Nos levantamos de nuestra localidad los dos como un resorte, salimos no sin dificultad con dirección a las escaleras del vomitorio y las bajamos decididos hacia el callejón. Durante este breve trayecto, mi mente se aclaraba a la velocidad de la luz, recapacitaba, aterrizaba de mi ensoñación estratosférica y tomaba tierra en el albero de la Monumental. Desde las alturas de la grada 5 los novillos de Felipe Bartolomé, sin tipo ni cara ni fuerza, asemejaban las becerras que toreaban al alimón Carmen Sevilla y Manuel Benítez «El Cordobés» en su finca de Villalobillos filmados por el NO-DO, pero ya vistos a ras de suelo, en perspectiva lineal, impresionaba su alzado y la arboladura de sus pitones… Yo desde luego no tenía intención alguna de lanzarme al ruedo para enfrentarme a ningún cuadrúpedo astado; era absolutamente consciente de que mi capacidad técnica frente al animal, armado con mi cazadora de motorista Lewis Leathers, iba a resultar nula. Y por un momento tuve la lucidez de ver claro el desenlace; iba a ser un notición, sí, pero no de la sección de Sociedad, sino de la de Sucesos. Jaime iba contento, full de todo, ahíto de valor químico y armado con su carísima blazer de comodoro que le había confeccionado el modisto Antonio Alvarado…

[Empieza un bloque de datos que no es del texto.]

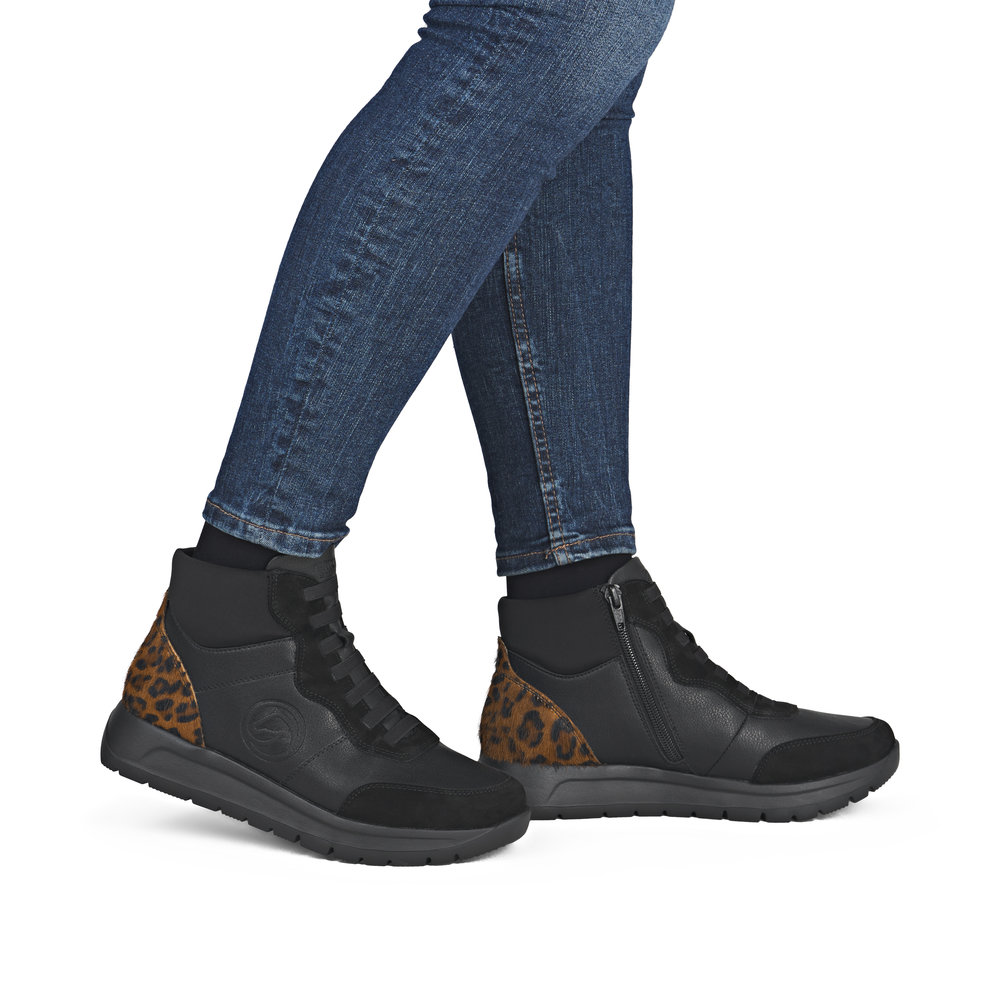 Baskets Fourrées de la marque Remonte de couleur noir leopard. Tennis montante avec une tige cuir couleur noir et un contrefort impression léopard, un elastique sur le coup de pied et un zip sur le coté pour les chausser rapidement, une première confortable Memosoft et amovible si besoin, l’intérieur doublé chaud, une semelle plateau de 3 cm de couleur noir.
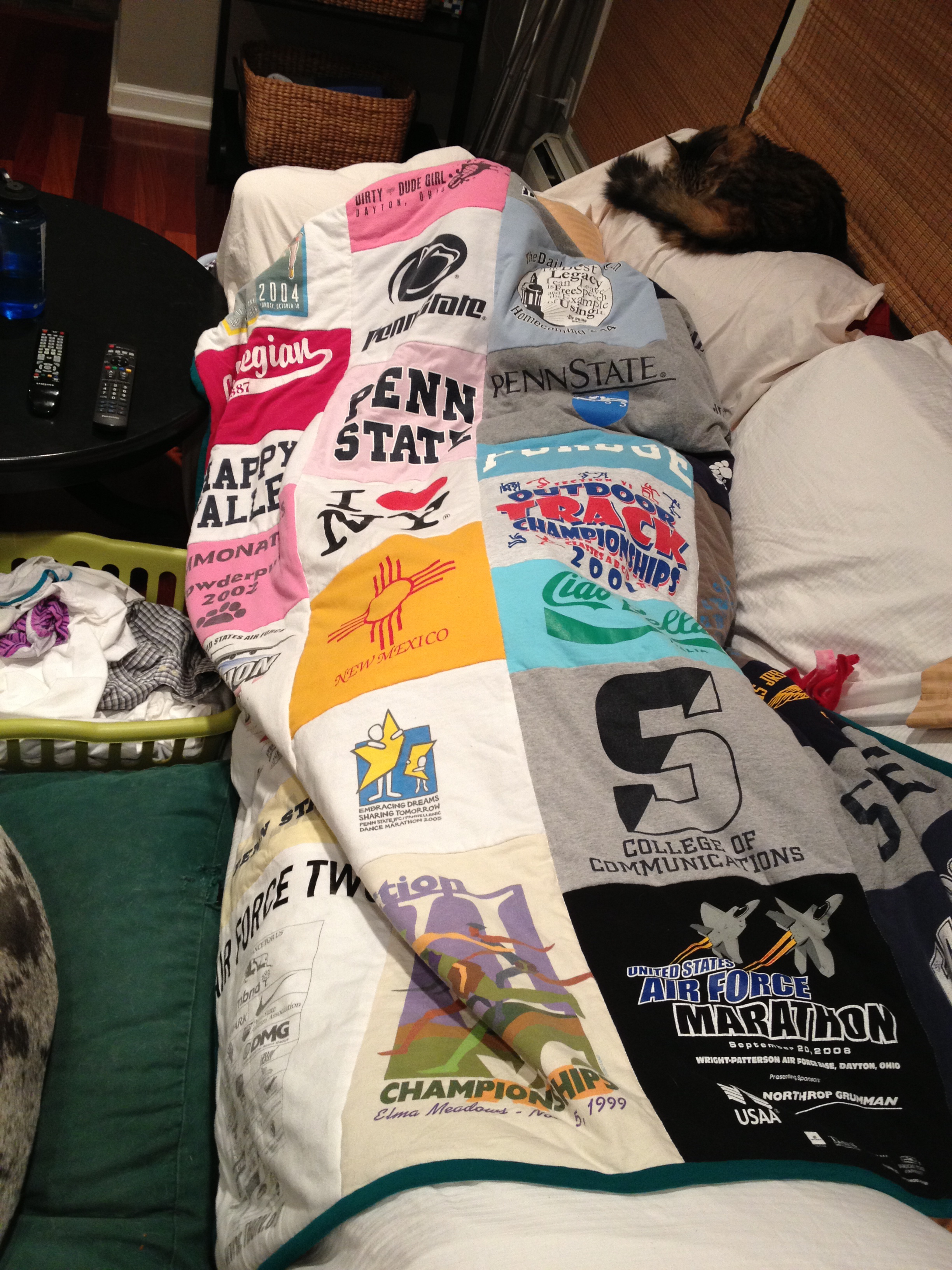 I made pumpkin pancakes, served with a little applesauce (what wouldn’t fit into our jars last night) and maple syrup butter. Andrew dined on two (well, one and a half) Manhattan Bagel “everything” bagels–I snacked on one on my way home from my run.
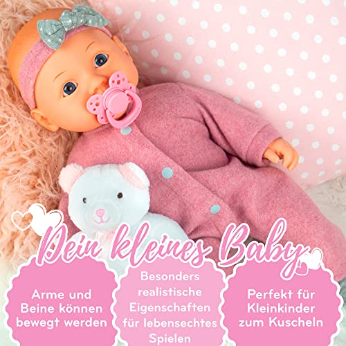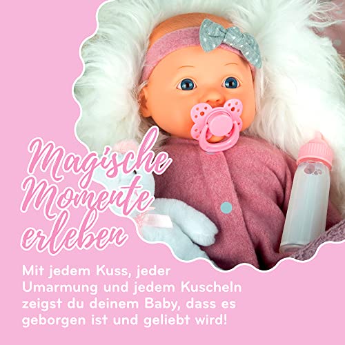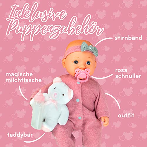 LIEBLINGSPUPPE FÜR ALLE ABENTEUER – Diese realistisch aussehende neugeborene Babypuppe trägt ein rosafarbenes Outfit mit passendem Stirnband und sorgt für besondere Momente. Inklusive Schnuller, magischer Milchflasche, Stirnband und Teddybär
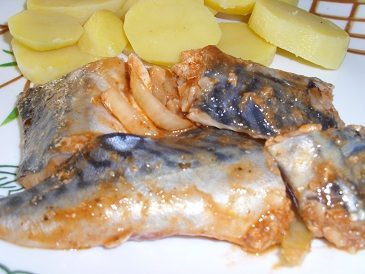 Маринованная скумбрия в острой заливке готова. Подаем ее с картошечкой, с пюре, можно картошечку запечь или просто жарим ее.
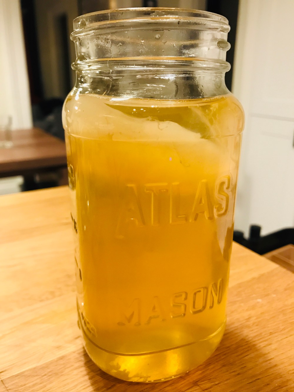 Ajoutez le kombucha dans lequel votre symbiote flottait (le starter) ou du vinaigre blanc distillé si vous n’en avez ps (je n’ai jamais testé cette option mais elle peut être utile).
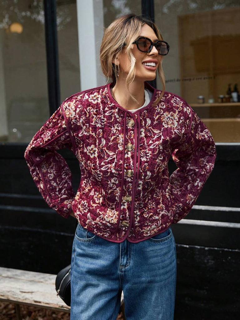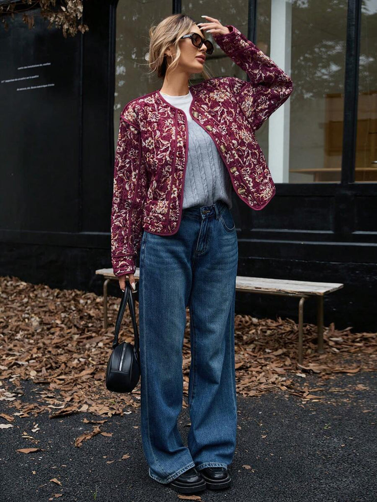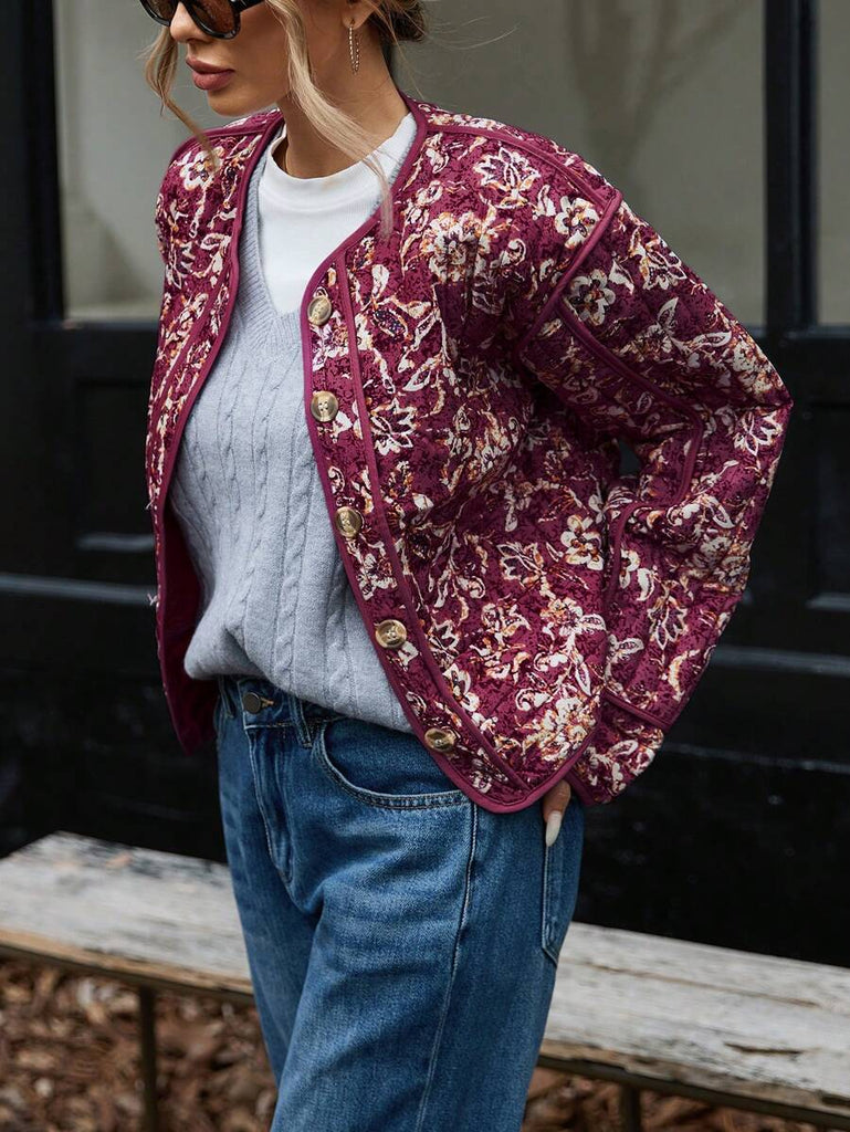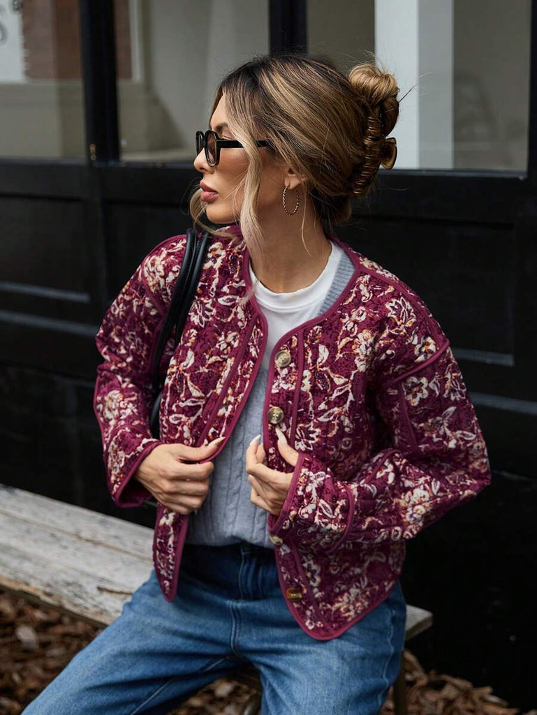 Manteau Matelassé Imprimé Floral Style Décontracté Manches Longues Avec Poches Manteau Matelassé Imprimé Floral Style Décontracté Manches Longues Avec Poches

… Ya estábamos bajo el dintel abovedado de la puerta de cuadrillas a veinte metros de Rafi Camino y el novillo de Felipe Bartolomé; nadie nos había impedido el paso, no había policías ni seguridad ni taquilleros ni nadie. Solo Jaime de Urrutia con su chaqueta azul marino de botones dorados y yo. Creo que le dije a Jaime algo así como que lo dejáramos, que era un poco arriesgado, que yo no me iba a lanzar sobre el resbaladizo albero de Las Ventas para hacerle el quite con mis botines blancos de Alvarado (no del modisto, sino de la zapatería de la Gran Vía) y bla, bla, bla. En esas estábamos cuando tras nosotros apareció el gigantesco caballo de un picador con el gigantesco picador encima y todo su atalaje acorazado dispuesto para ejecutar su suerte en el inminente tercio de varas…

—¿Pero qué hacen ustedes aquí? Que aquí no se puede estar, que voy a llamar a los guardias…

El caso es que mis palabras y los gritos del matarife con la puya aclararon la situación, atemperaron la intención de Jaime y tras unos instantes de silencio e indecisión nos retiramos hacia la salida. Apareció por allí otro caballo gigantesco con otro picador en él subido y unos monosabios de verde y con vara que nos ignoraron, y más al fondo dos municipales, dos «guindillas». El flash había pasado, el subidón de adrenalina y el clímax frustrado habían eliminado de un plumazo los últimos rescoldos de la caraja hipnótica. Deambulamos a continuación por los desiertos pasillos de la plaza hasta llegar a la barra de uno de los bares interiores. No recuerdo lo que pedimos, quizá un solisombra o probablemente más cerveza. Brindamos en silencio en la penumbra de septiembre. Creo que nos libramos de una buena. Sobre todo Jaime.